Lamartine était un grand et noble esprit, chevaleresque, enthousiaste, un vrai maître dans l’acception du mot, un diamant bien pur, bien taillé ; il était beau, grand ; il avait le regard, il avait le geste du prédestiné ; il savait penser, écrire ; il savait parler ; c’était un inspiré, un transformateur !… Poète, il changea l’essor de la littérature en lui prêtant ses ailes prestigieuses ; homme, il gouverna un peuple, une révolution, et ses mains se retirèrent pures du contact du pouvoir.

Nul, plus que lui, ne fut aimé, choyé, béni, adoré ; et lorsque les cheveux blancs sont venus, lorsque le découragement prenait le beau vieillard, le lutteur des grands jours, on ne lui pardonna plus un instant de défaillance. La France elle-même était en défaillance ; elle souffleta le poète, le grand homme ; elle voulut le rapetisser, ce lutteur de deux révolutions, et l’oubli, je le répète, semblait enterrer cette grande et magnanime figure ! Il est mort et bien mort, puisque je l’ai accueilli par delà la tombe, avec tous ceux qui l’avaient apprécié et estimé, malgré l’ostracisme, dont la jeunesse des écoles, se faisait une arme contre lui.

Il était transfiguré, oui, messieurs, transfiguré par la douleur d’avoir vu ceux qui l’avaient tant aimé, lui refuser le dévouement que pourtant il ne sut jamais refuser en d’autres temps, tandis que les vainqueurs lui tendaient la main. Le poète était devenu philosophe, et ce penseur mûrissait son âme endolorie, pour la grande épreuve. Il voyait mieux ; il pressentait tout, tout ce que vous espérez, messieurs, et tout ce que je n’espérais pas.

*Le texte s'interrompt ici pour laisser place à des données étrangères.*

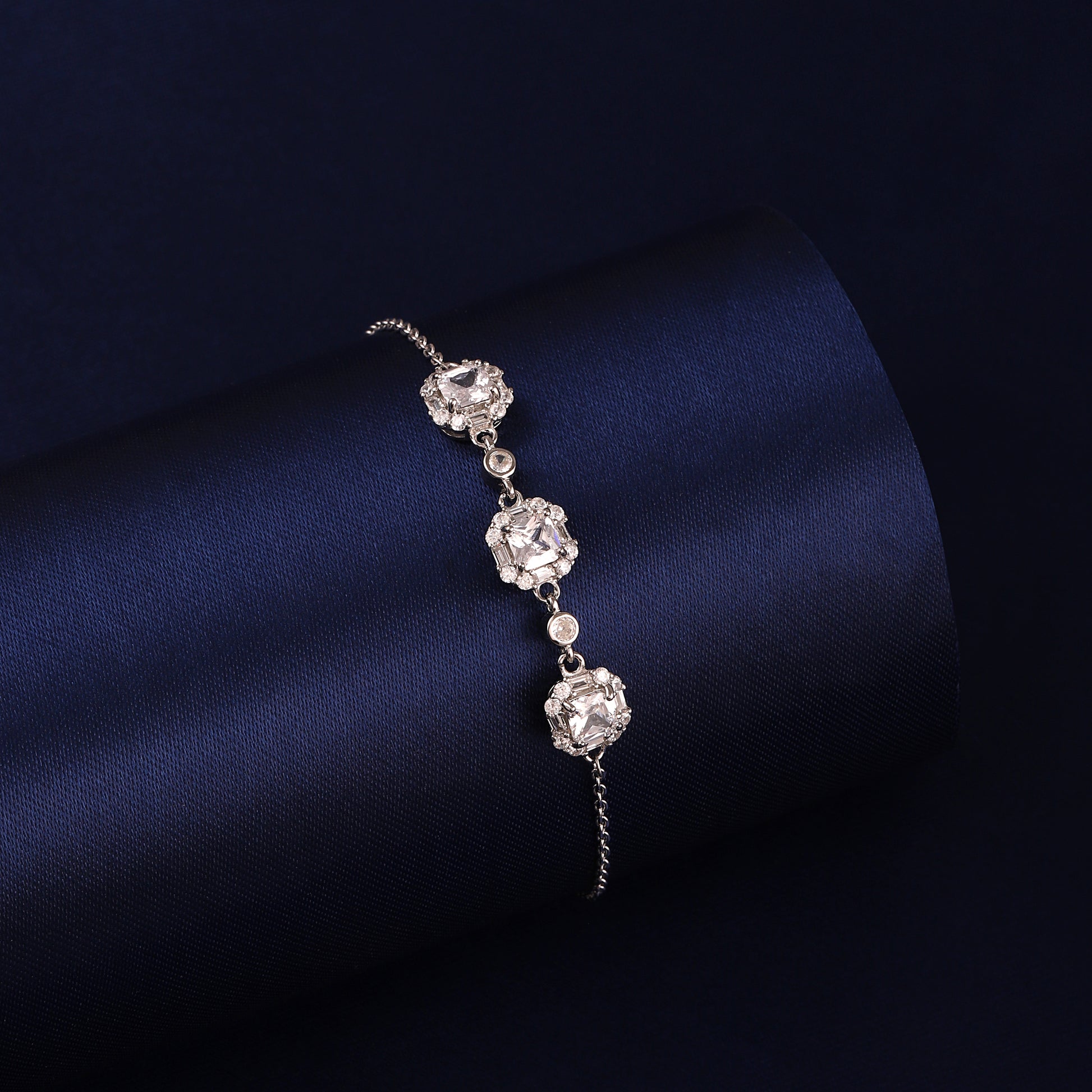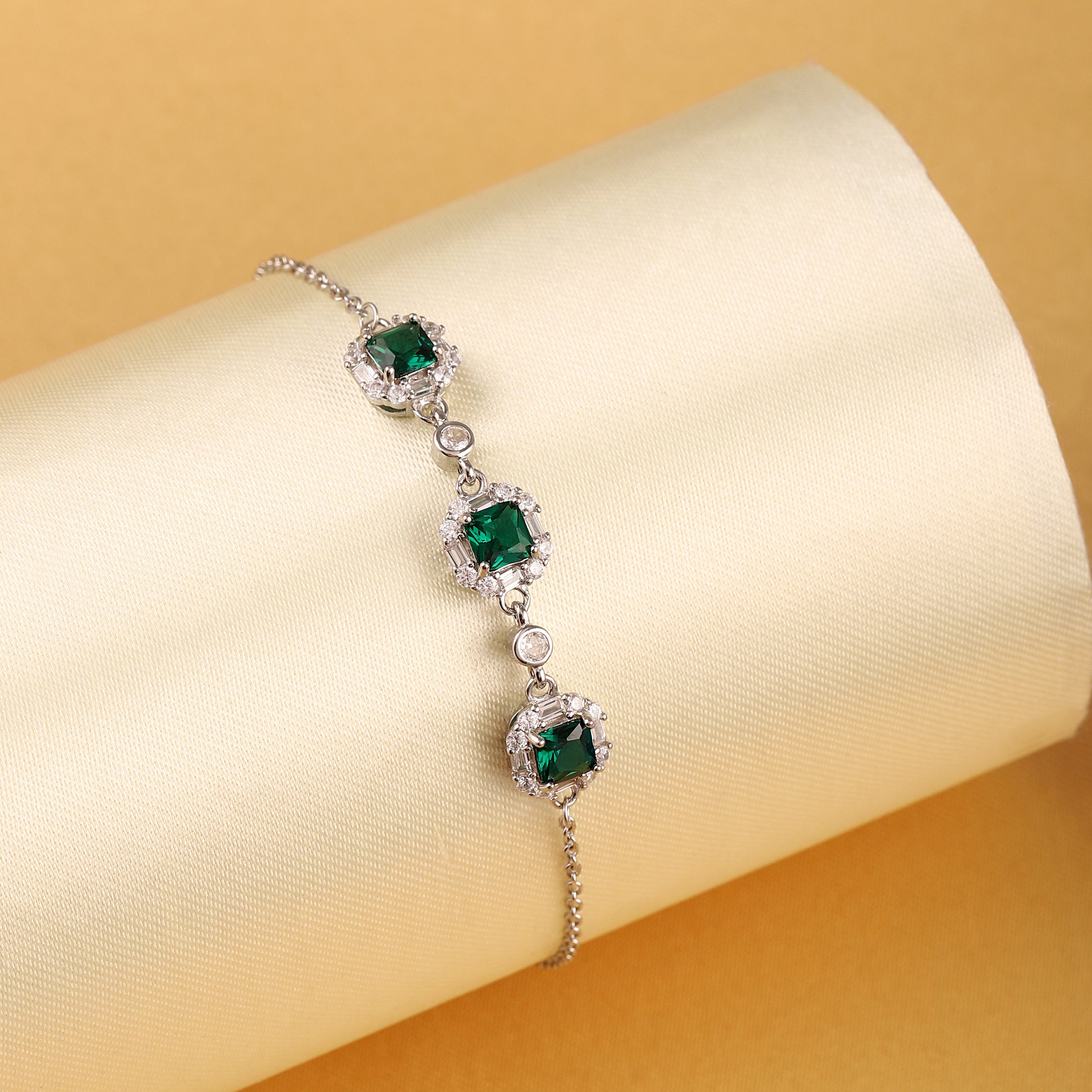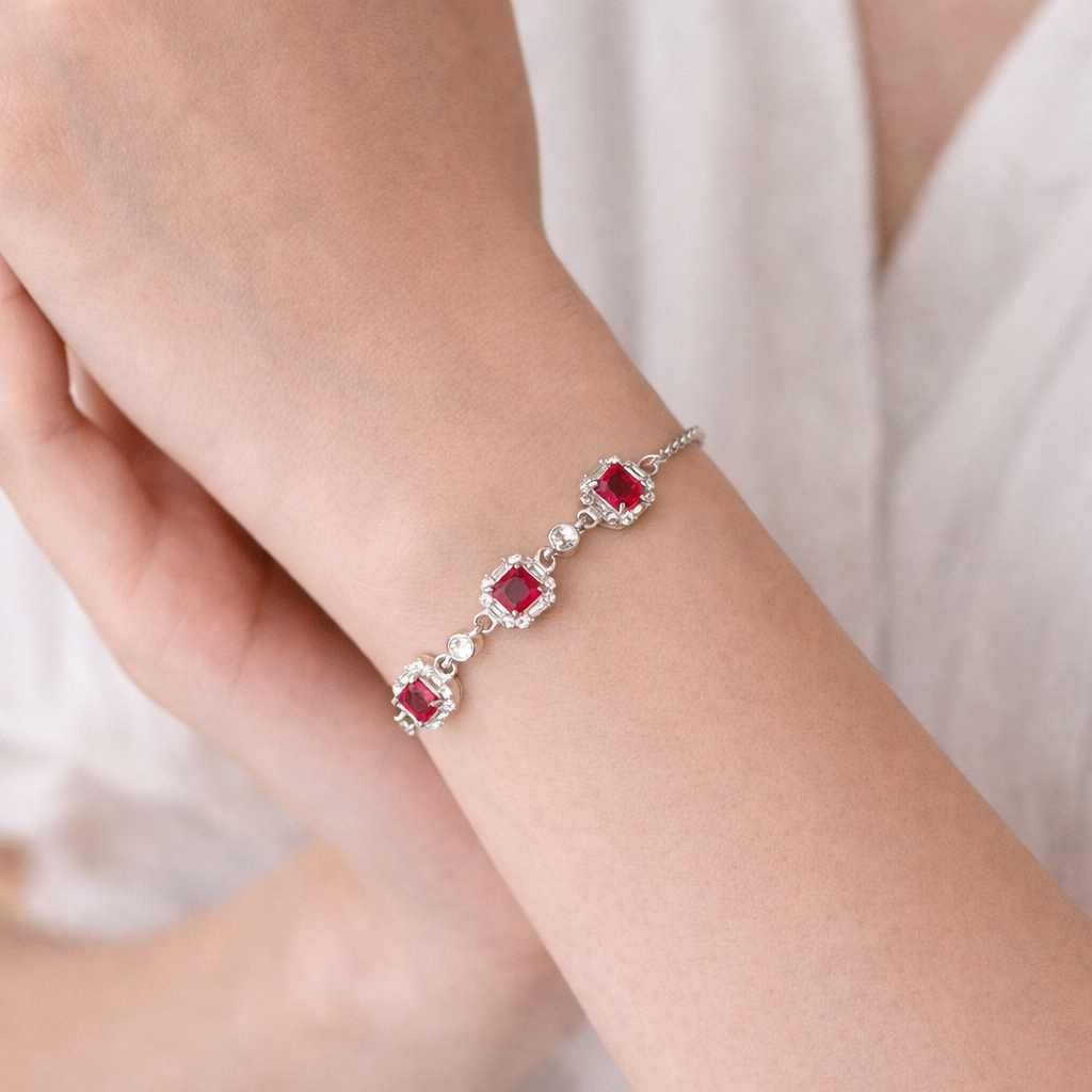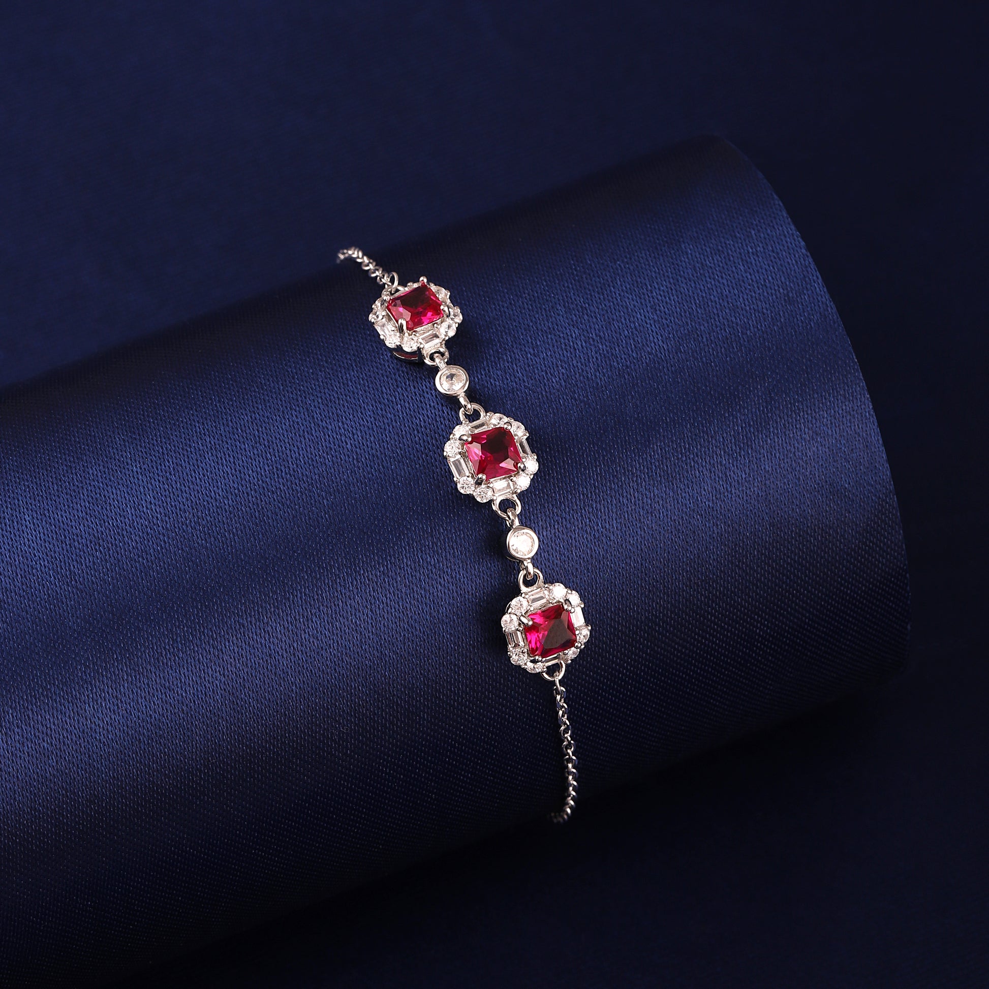 Add a touch of vibrant elegance to your wrist with our Sparkling Charm Bracelet Collection, meticulously handcrafted in premium 925 silver. This stunning bracelet is available in four breathtaking colorways—Fiery Ruby-Red, Timeless Diamond-White, Regal Sapphire-Blue, and Lush Emerald-Green—each featuring three brilliant princess-cut center stones. Every stone is enveloped in a majestic rectangular halo of shimmering accents and connected by brilliant circular spacers to create a continuous, luxurious glow. Expertly designed with a high-shine finish and an adjustable extender for a perfect, comfortable fit, this 925 silver bracelet is the ultimate choice for bridal wear, grand celebrations, or adding a sophisticated pop of color to your everyday style.
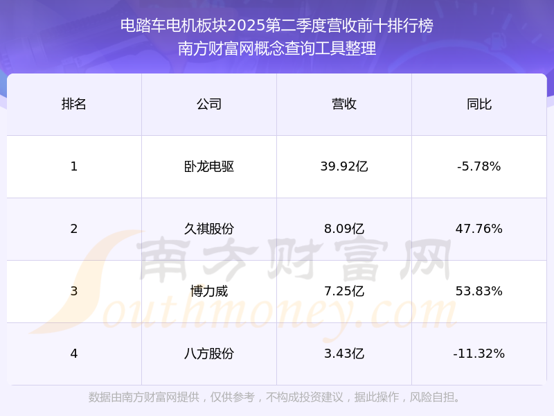 按照南方財(cái)富網(wǎng)概念查詢工具統(tǒng)計(jì),該股所屬板塊為電踏車電機(jī)板塊,該板塊共有4只股票,八方股份2025第二季度營收在該板塊中排名為第4名,該板塊2025第二季度營收排名前十的股票如下表:

Plus que lui, je suis un vaincu ; vaincu par la mort, vaincu de mon vivant par le besoin, cet ennemi insaisissable qui nous taquine comme un rongeur ; et bien plus vaincu aujourd’hui, car je viens m’incliner devant la vérité.

Ah ! si pour la France une grande vérité luit aujourd’hui ; si la France de 89, si la mère de tant de génies disparus, recommence  à sentir que l’un de ses plus chers enfants, le bon, le noble Lamartine a disparu, je sens aujourd’hui que, pour lui, rien n’est mort ; son souvenir est partout ; les ondes sonores de tant de souvenirs émeuvent le monde. Il était immortel chez vous, mais bien plus encore chez nous où il est réellement transfiguré. Son Esprit resplendit, et Dieu peut recevoir le grand méconnu. Lamartine peut désormais embrasser les plus vastes horizons et chanter les hymnes grandioses que son grand cœur avait rêvées. Il peut préparer votre avenir, mes amis, et accélérer avec nous les étapes humanitaires. Il pourra plus que jamais voir se développer en vous, cet ardent amour d’instruction, de progrès, de liberté et d’association qui sont les éléments de l’avenir. La France est une initiatrice ; elle sait ce qu’elle peut : elle voudra, elle osera, quand sa crinière puissante aura secoué la fourmilière qui vit aux dépens de sa virilité et de sa grandeur.

Pourrai-je, comme lui, gagner mon auréole et devenir resplendissant de bonheur, me voir régénérer par votre croyance, dont je comprends aujourd’hui la grandeur ? Par vous, Dieu m’a marqué comme une brebis égarée ; merci, messieurs. Au contact des morts tant regrettés, je me sens vivre, et je dirai bientôt avec vous dans la même prière : La mort c’est l’auréole ; la mort c’est la vie.


Louis Desnoyers.


Remarque. — Une dame, membre de la société, qui connaissait particulièrement M. Lamartine, et avait assisté à ses derniers moments, venait de dire qu’après sa mort, sa physionomie s’était littéralement transfigurée, qu’elle n’avait plus la décrépitude de la vieillesse ; c’est à cette circonstance que l’Esprit fait allusion.